### SOURCE RECORDS ###

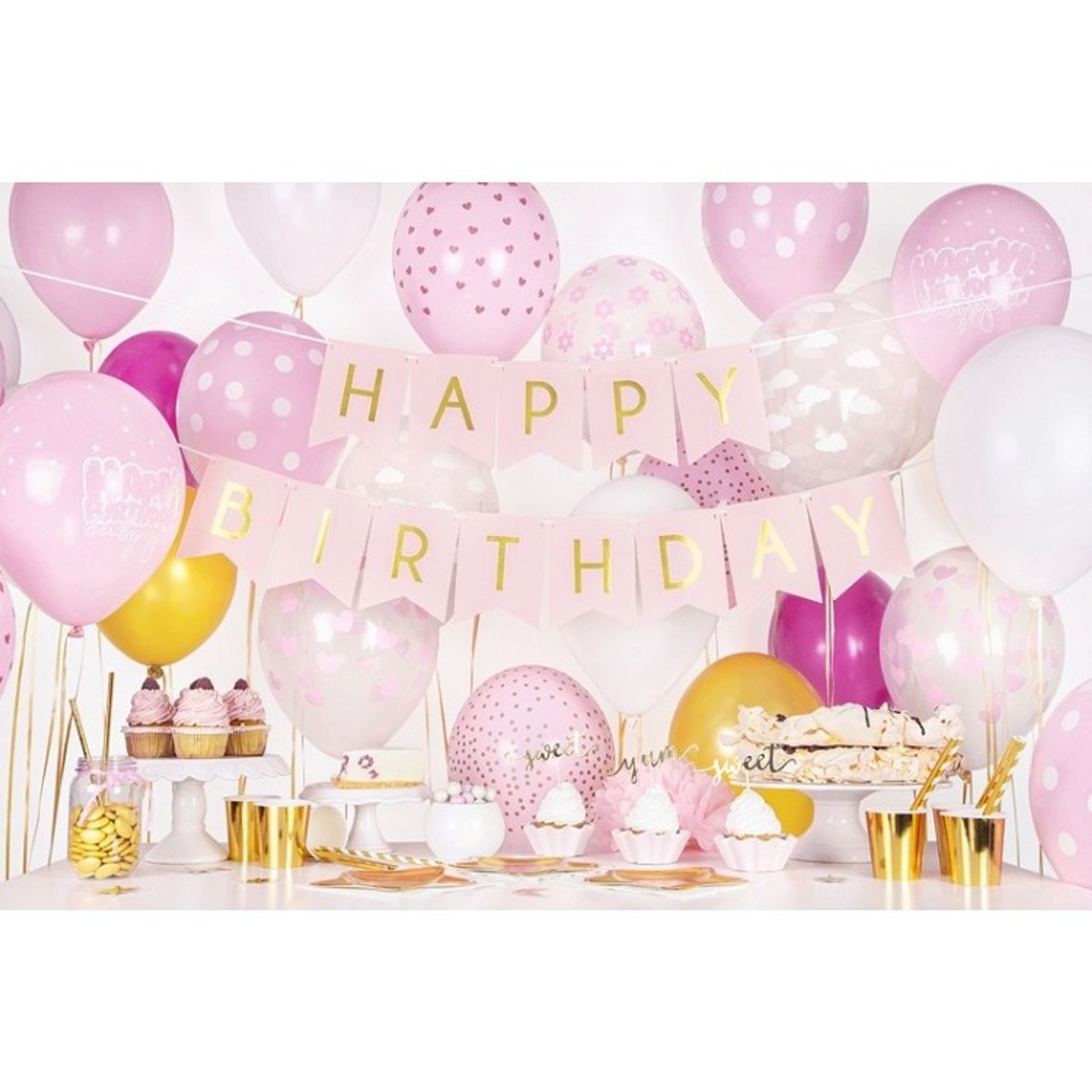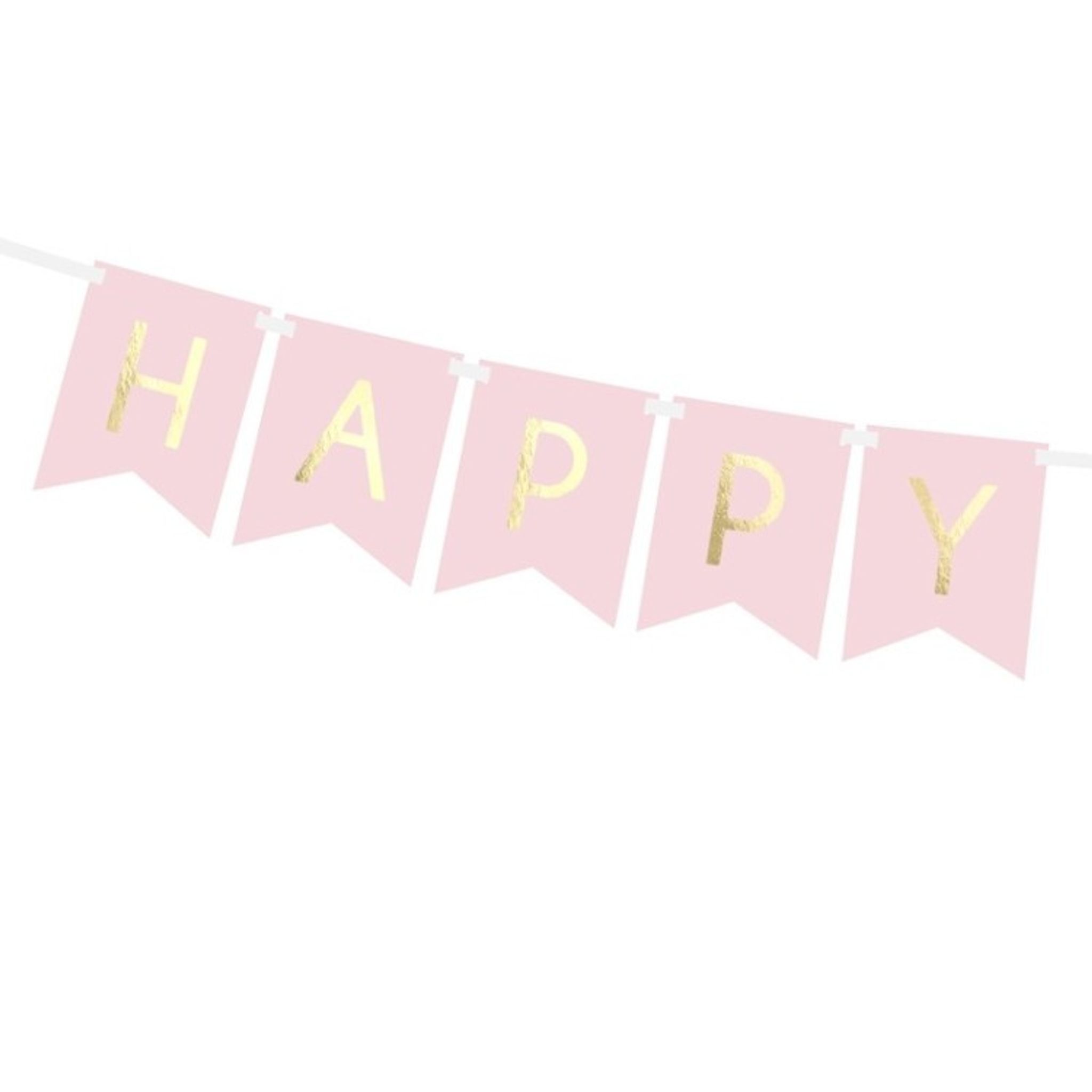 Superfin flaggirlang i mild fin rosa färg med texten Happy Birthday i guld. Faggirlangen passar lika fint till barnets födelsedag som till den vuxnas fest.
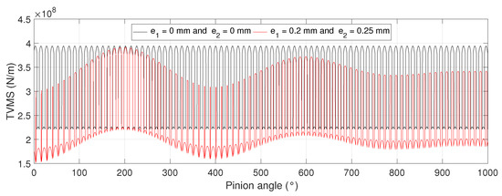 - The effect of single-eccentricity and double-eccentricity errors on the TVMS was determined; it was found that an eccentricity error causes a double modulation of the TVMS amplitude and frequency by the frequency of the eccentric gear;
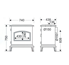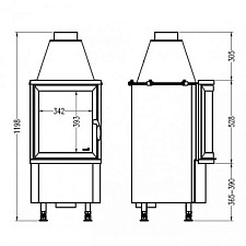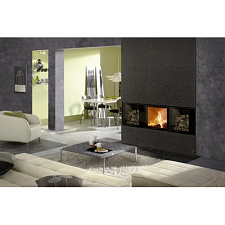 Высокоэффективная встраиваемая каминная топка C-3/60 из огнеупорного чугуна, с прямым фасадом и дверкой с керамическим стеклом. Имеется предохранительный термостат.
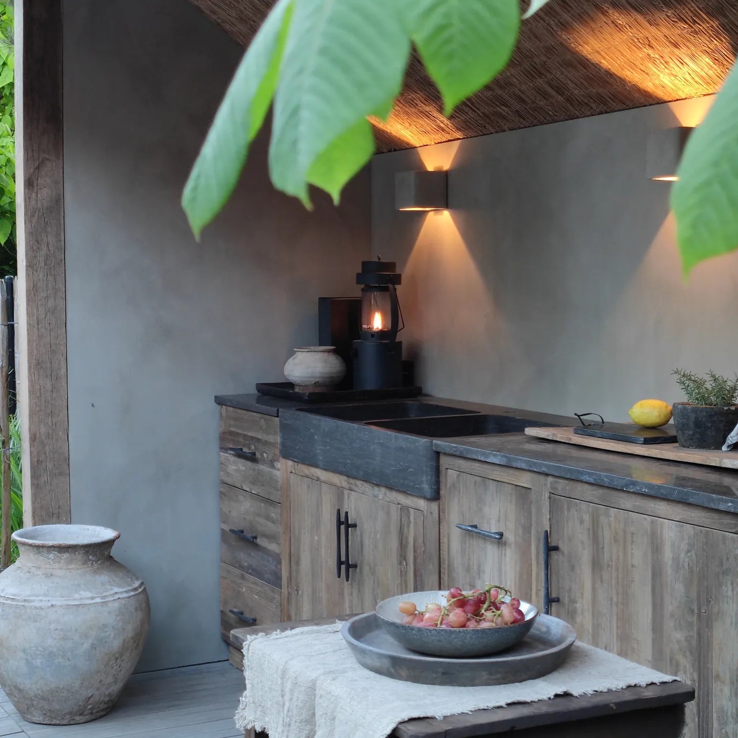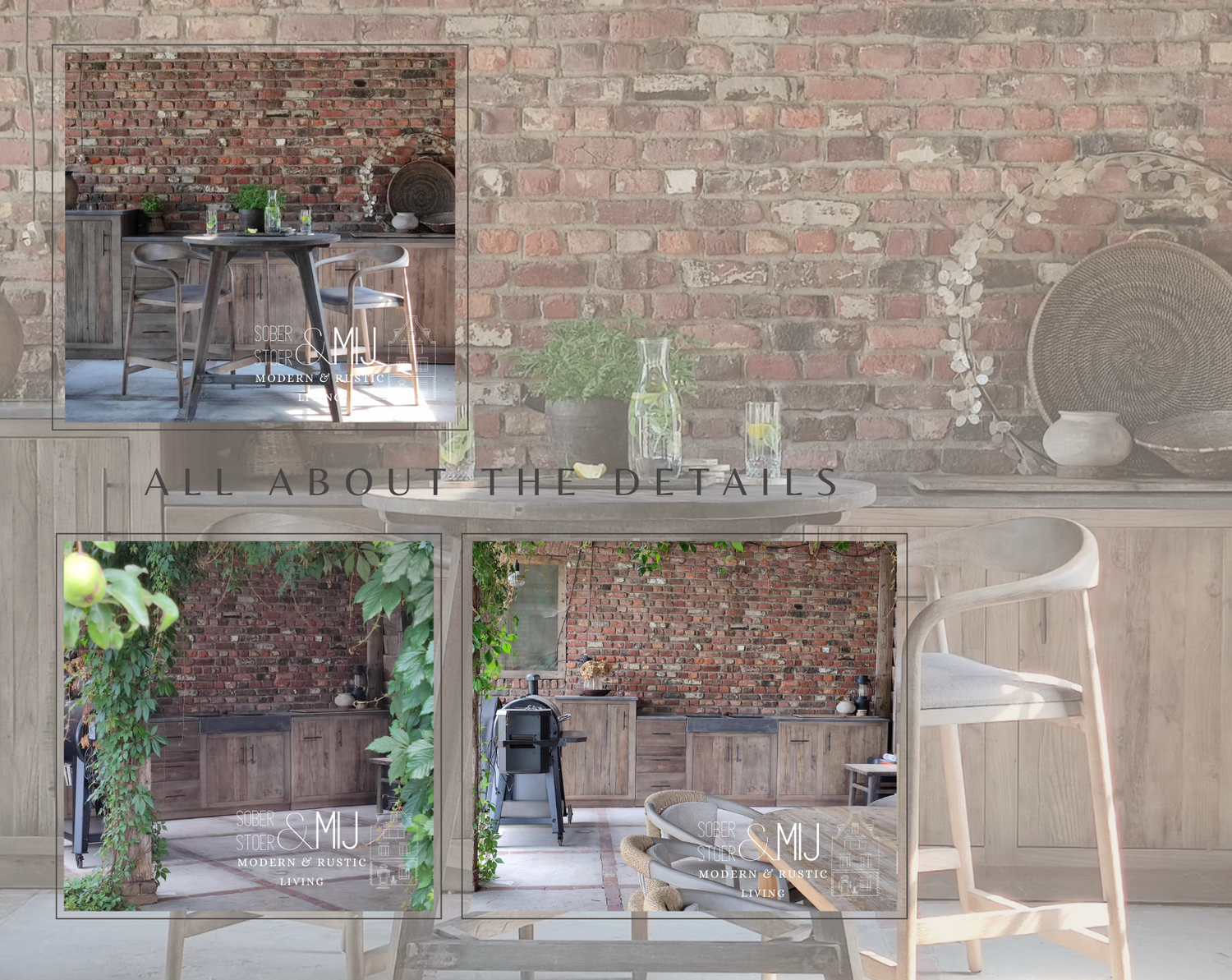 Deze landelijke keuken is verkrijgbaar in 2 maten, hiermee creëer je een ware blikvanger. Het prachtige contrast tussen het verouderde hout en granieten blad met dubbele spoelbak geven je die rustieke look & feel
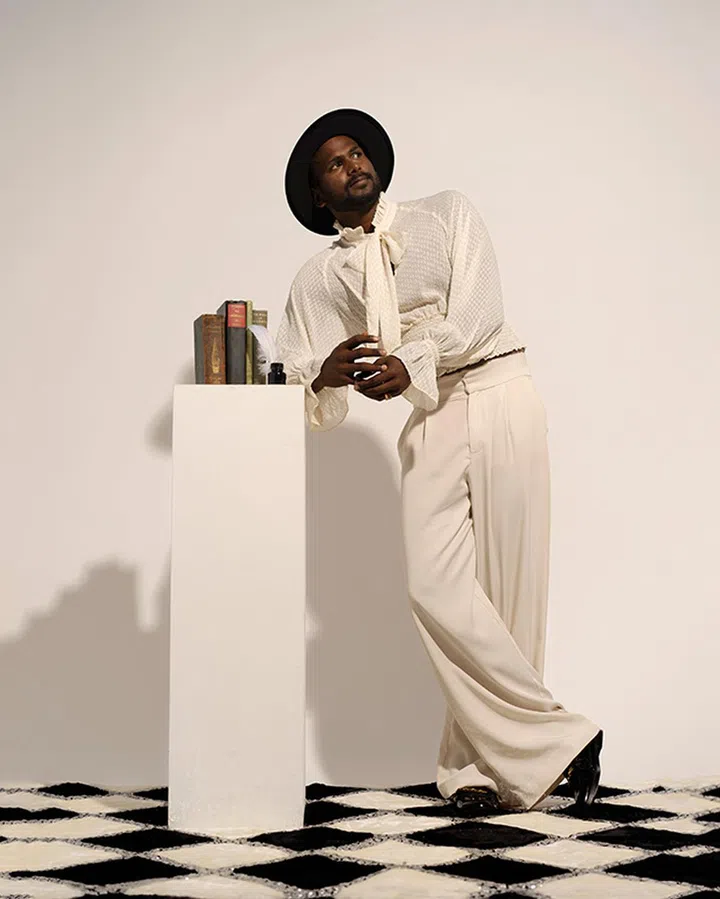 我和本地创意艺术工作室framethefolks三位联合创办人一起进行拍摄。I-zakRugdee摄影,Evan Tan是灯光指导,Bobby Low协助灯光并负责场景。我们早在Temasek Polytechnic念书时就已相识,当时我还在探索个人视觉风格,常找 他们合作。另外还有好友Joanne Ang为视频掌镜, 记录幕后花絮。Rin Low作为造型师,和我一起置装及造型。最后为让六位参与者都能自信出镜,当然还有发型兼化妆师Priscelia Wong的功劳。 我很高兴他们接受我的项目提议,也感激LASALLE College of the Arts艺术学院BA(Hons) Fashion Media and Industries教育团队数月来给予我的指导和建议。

###

> _WORK INSTRUCTION_: The first line of the entries, the line containing "Deze landelijke keuken", and every line between them are to be output exactly; pictures are not.

> _ANSWER TO THE EXERCISE_:
 Superfin flaggirlang i mild fin rosa färg med texten Happy Birthday i guld. Faggirlangen passar lika fint till barnets födelsedag som till den vuxnas fest.
 - The effect of single-eccentricity and double-eccentricity errors on the TVMS was determined; it was found that an eccentricity error causes a double modulation of the TVMS amplitude and frequency by the frequency of the eccentric gear;
 Высокоэффективная встраиваемая каминная топка C-3/60 из огнеупорного чугуна, с прямым фасадом и дверкой с керамическим стеклом. Имеется предохранительный термостат.
 Deze landelijke keuken is verkrijgbaar in 2 maten, hiermee creëer je een ware blikvanger. Het prachtige contrast tussen het verouderde hout en granieten blad met dubbele spoelbak geven je die rustieke look & feel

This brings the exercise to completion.